Data segment:
════════════════

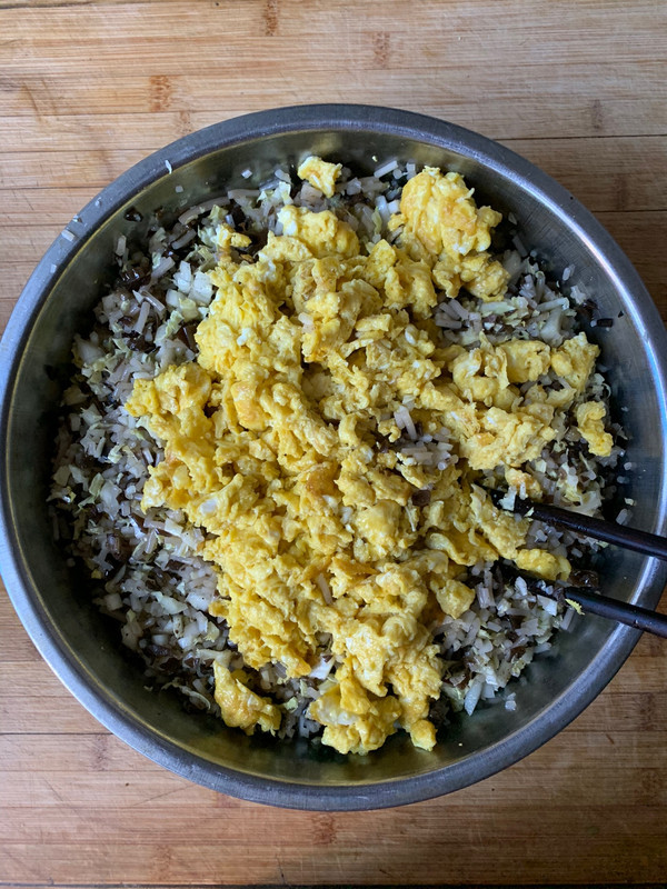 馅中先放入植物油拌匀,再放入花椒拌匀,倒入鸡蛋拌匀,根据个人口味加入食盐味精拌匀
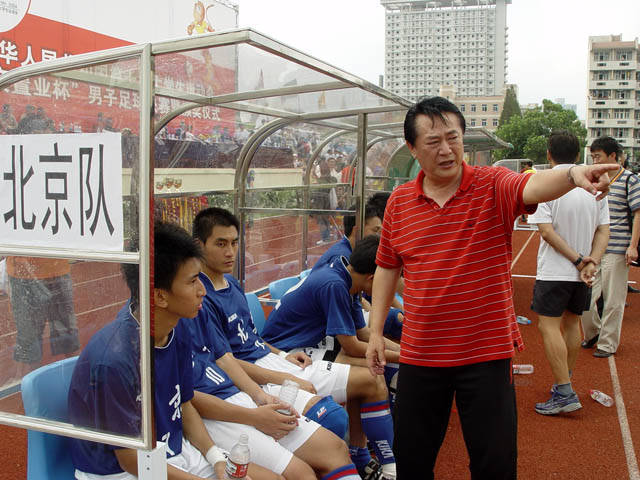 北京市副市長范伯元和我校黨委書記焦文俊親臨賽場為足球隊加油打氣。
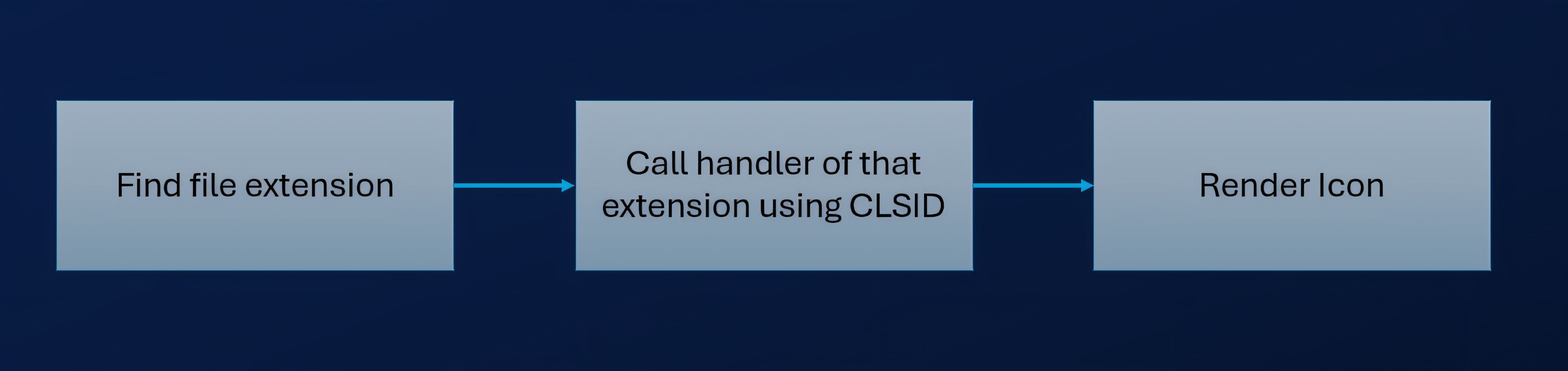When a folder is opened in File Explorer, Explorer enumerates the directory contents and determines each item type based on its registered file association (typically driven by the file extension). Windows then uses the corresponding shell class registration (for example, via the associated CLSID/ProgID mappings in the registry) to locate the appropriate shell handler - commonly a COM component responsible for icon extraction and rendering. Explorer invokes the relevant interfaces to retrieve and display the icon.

════════════════

Leave every image out, and retype the material exactly.

 馅中先放入植物油拌匀,再放入花椒拌匀,倒入鸡蛋拌匀,根据个人口味加入食盐味精拌匀
 北京市副市長范伯元和我校黨委書記焦文俊親臨賽場為足球隊加油打氣。
When a folder is opened in File Explorer, Explorer enumerates the directory contents and determines each item type based on its registered file association (typically driven by the file extension). Windows then uses the corresponding shell class registration (for example, via the associated CLSID/ProgID mappings in the registry) to locate the appropriate shell handler - commonly a COM component responsible for icon extraction and rendering. Explorer invokes the relevant interfaces to retrieve and display the icon.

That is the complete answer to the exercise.